**Activity**. Exactly the lines below starting at the line with "Arcanum's Luke Stephens" and ending at the line with "银色老爹鞋女2025春夏季新款厚底增高百搭网面透气超火运动休闲鞋" are wanted, with both ends included. Leave out the pictures and add no other lines.

··· Data under study ···

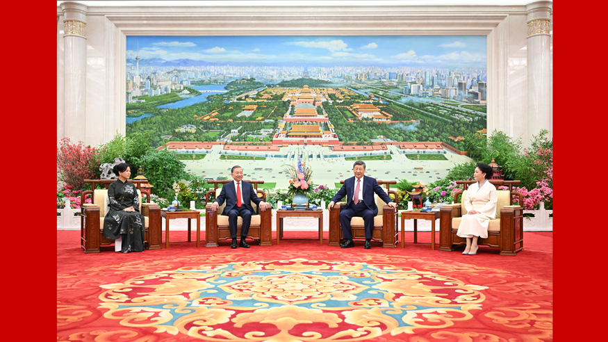 4月15日上午,中共中央总书记、国家主席习近平在北京人民大会堂同来华进行国事访问的越共中央总书记、国家主席苏林共同会见参加“红色研学之旅”的中越青年代表。
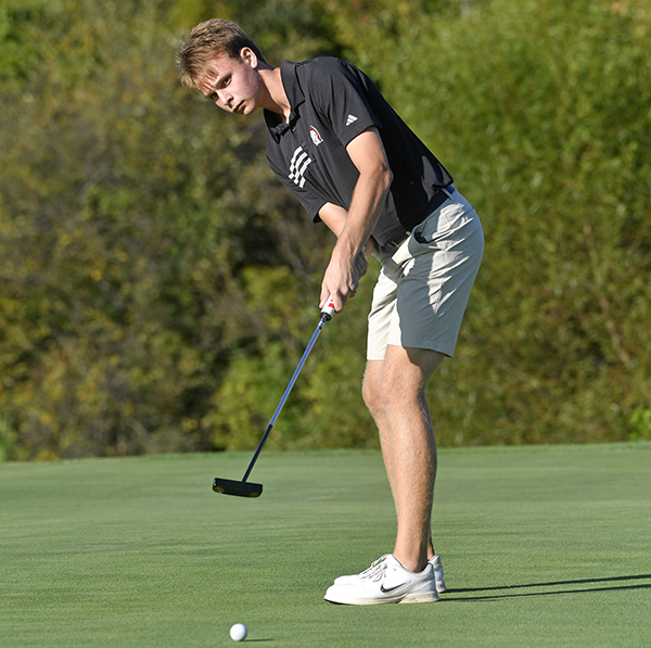 Arcanum's Luke Stephens eyes a putt that he would make to win a playoff to qualify for the DII Boys Golf State Tournament. (Dale Barger photo)
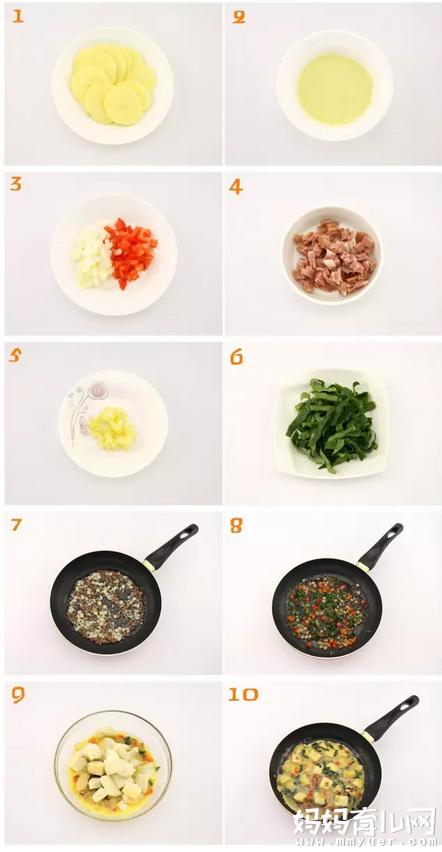 准备食材:吐司1片、鸡蛋2个、彩椒1小块、洋葱1小块、培根1片、土豆1/2个、菠菜1-2棵、大蒜1瓣、盐1/2茶匙、胡椒粉1/2茶匙、食用油1/2汤匙
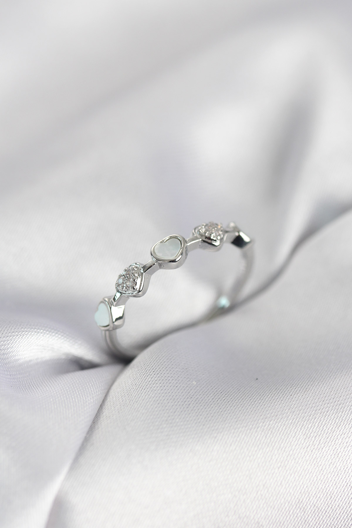 Gümüş Renk Minimal Kalp Model Zirkon Taşlı Pirinç Kadın Yüzük - 267603
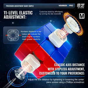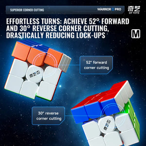 The QiYi Warrior M Pro is a compact 55.5mm magnetic 3x3 built for speed and control. With 11 spring compression settings, this cube offers basic customization and decent corner cutting abilities. Suitable for beginners and seasoned speedcubers.
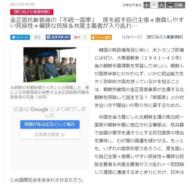 産経新聞がウェブサイトに掲載した朝鮮半島情勢に関する連載記事で、「朝鮮人」が「統治能力を欠く致命的欠陥を持っている」などと持論を展開し、波紋を広げている。こういった表現が「特定の民族を侮蔑するような表現」だという指摘が出ている。この記事はヤフーにも配信されていたが、この「侮蔑表現」指摘の数日後に記事が削除された。
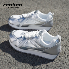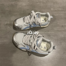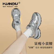 银色老爹鞋女2025春夏季新款厚底增高百搭网面透气超火运动休闲鞋
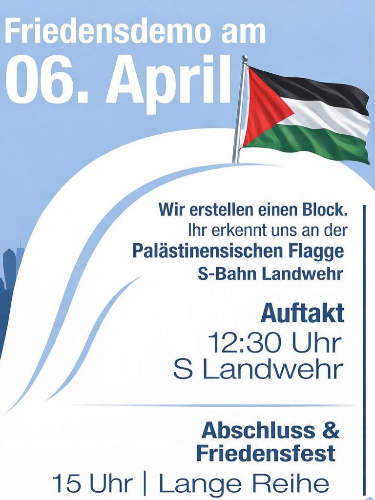 Kategorie: General Friedensdemo - Wir erstellen einen Block, siehe Palästina Flagge 12:30 6. April 2026 HamburgVeranstaltungsort anschauen Kompletten Kalender ansehen

···

**Answer below**.
 Arcanum's Luke Stephens eyes a putt that he would make to win a playoff to qualify for the DII Boys Golf State Tournament. (Dale Barger photo)
 准备食材:吐司1片、鸡蛋2个、彩椒1小块、洋葱1小块、培根1片、土豆1/2个、菠菜1-2棵、大蒜1瓣、盐1/2茶匙、胡椒粉1/2茶匙、食用油1/2汤匙
 Gümüş Renk Minimal Kalp Model Zirkon Taşlı Pirinç Kadın Yüzük - 267603
 The QiYi Warrior M Pro is a compact 55.5mm magnetic 3x3 built for speed and control. With 11 spring compression settings, this cube offers basic customization and decent corner cutting abilities. Suitable for beginners and seasoned speedcubers.
 産経新聞がウェブサイトに掲載した朝鮮半島情勢に関する連載記事で、「朝鮮人」が「統治能力を欠く致命的欠陥を持っている」などと持論を展開し、波紋を広げている。こういった表現が「特定の民族を侮蔑するような表現」だという指摘が出ている。この記事はヤフーにも配信されていたが、この「侮蔑表現」指摘の数日後に記事が削除された。
 银色老爹鞋女2025春夏季新款厚底增高百搭网面透气超火运动休闲鞋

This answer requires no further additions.